I have limited formatting options, but feel that styling the question different from the answer will make it easier to read.

For an FAQ, I would make the question bold and the answer normal weight, since the user is looking for the question that matches their own question. Since the use for the confirmation is to ensure the user's answers are correct, I wonder if there is any research or opinion as to whether it is better to bold the answer, and not the question.


How would you rate "x" out of 10?

Why did you give that rating?
Because I really like "x" and think it is worthy of that score.


How would you rate "x" out of 10?

Why did you give that rating?
Because I really like "x" and think it is worthy of that score.

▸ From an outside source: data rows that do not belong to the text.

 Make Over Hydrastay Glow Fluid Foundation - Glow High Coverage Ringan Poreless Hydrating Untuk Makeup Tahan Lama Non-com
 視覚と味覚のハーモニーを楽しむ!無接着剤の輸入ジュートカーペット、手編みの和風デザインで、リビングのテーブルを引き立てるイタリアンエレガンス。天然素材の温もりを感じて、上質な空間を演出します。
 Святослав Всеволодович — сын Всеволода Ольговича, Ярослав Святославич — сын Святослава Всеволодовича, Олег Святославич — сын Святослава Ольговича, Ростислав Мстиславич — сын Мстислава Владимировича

Or is there another way of doing this that's even better?

  • 1
    You should be careful asking respondents to give both scores and justification on the same screen (with the option to edit them). It will influence your result, as people can and will go back and adjust their score to match their justification.
    – sapi
    Commented Apr 29, 2019 at 12:05
  • 4
    This was just an example, but I take your point. That said, by asking them to justify a score, it makes them think about the score they gave and if they revise it to be more accurate to their thinking, isn't that better than just a "let's pick the middle or top score to get this over with" mentality?
    – Dwev
    Commented Apr 29, 2019 at 12:08
  • I understand you ask what is best for a survey but take a look here too: ux.stackexchange.com/questions/112177/… Commented May 22, 2019 at 8:29

2 Answers 2


Interesting question! Options #1 for both screens.

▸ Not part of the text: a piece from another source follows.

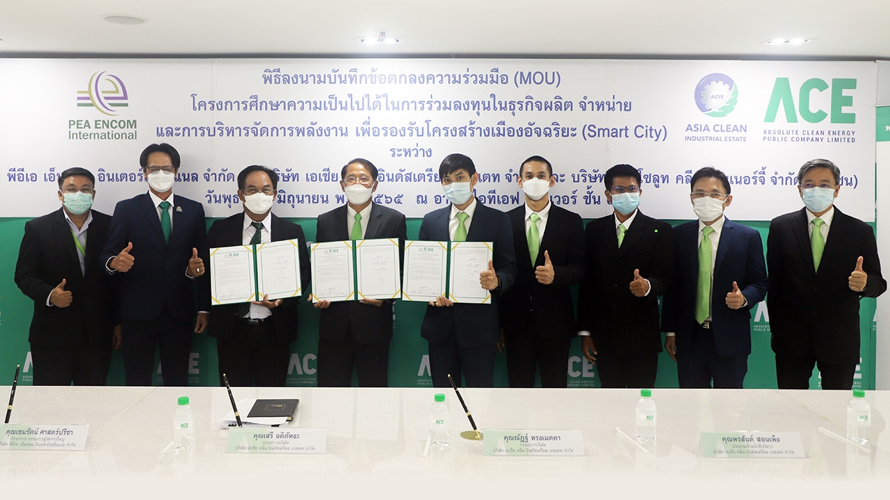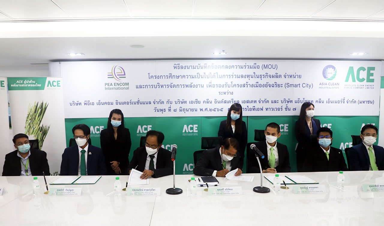 นายเขมรัตน์ ศาสตร์ปรีชา รองผู้ว่าการการไฟฟ้าส่วนภูมิภาค รักษาการกรรมการผู้จัดการใหญ่ บริษัท พีอีเอ เอ็นคอม อินเตอร์เนชั่นแนล จำกัด (PEA ENCOM) ร่วมลงนามบันทึกข้อตกลงความร่วมมือ (MOU) โครงการศึกษาความเป็นไปได้ในการร่วมลงทุนในธุรกิจผลิตและจำหน่ายไฟฟ้า ธุรกิจระบบส่งและจำหน่ายไฟฟ้าอัจฉริยะ รองรับการขับเคลื่อนนิคมอุตสาหกรรมเอเชีย คลีน สู่ Smart City กับ บริษัท แอ๊บโซลูท คลีน เอ็นเนอร์จี้ จำกัด (มหาชน) (ACE) และ บริษัท เอเชีย คลีน อินดัสเตรียล เอสเตท จำกัด (ACIE) ณ ห้องประชุมกลาง ชั้น 7 อาคาร ITF TOWER

I think there are a few points here:

  • Consistency. You don't want to cause a sudden flip between the two screens and confuse the users or make them question themselves - 'what's changed? what did I do?'
  • Key-value pair. Think of the Question being your Key and Answer being your value. Regardless of screen type you'd normally have Key in bold and Value in regular font.
  • User memory. This is an opinion and/or experience: people normally remember the questions more and would potentially want a quick reference to their answer by having their eyes drawn to the question they answered. The way to you do it is highlighting the question in bold in your case.
  • Q&A and/or FAQ standard. It's a known practice to have questions in bold and answers in regular font regardless of screen type; especially if the answer is long and tricky, user would want to read the answer in a comfortable font, as opposed to CAPS, italics, emojis, coloured text, etc.
  • Reading difficulties & annoyances. Similar to the point above: it's easier to read a quick question in bold, than an elaborate answer in bold. Or any other unusual font styles.

Hope this helps a little? :)

  • 3
    I think the last point is particularly important. Commented Apr 29, 2019 at 20:48

Program-supplied data should be "solid", while user-supplied data should be "fluid". If you want to emphasize the user-supplied data, you should use italics, not bold. You can also highlight the difference through fonts; perhaps a more blocky, computerish font for the program-supplied data, while a more natural, handwritten-like font for the user-supplied data. You can also set them off with the formatting: put the user-supplied data in boxes, for instance.

  • I actually don’t mind the idea of a handwritten font for the user data, but not in this particular case. I have seen what you described before, and I didn’t mind it. I think maybe because I have a lot of questions to show, it could be overkill. For 1 or 2 maybe not. Thanks for the answer!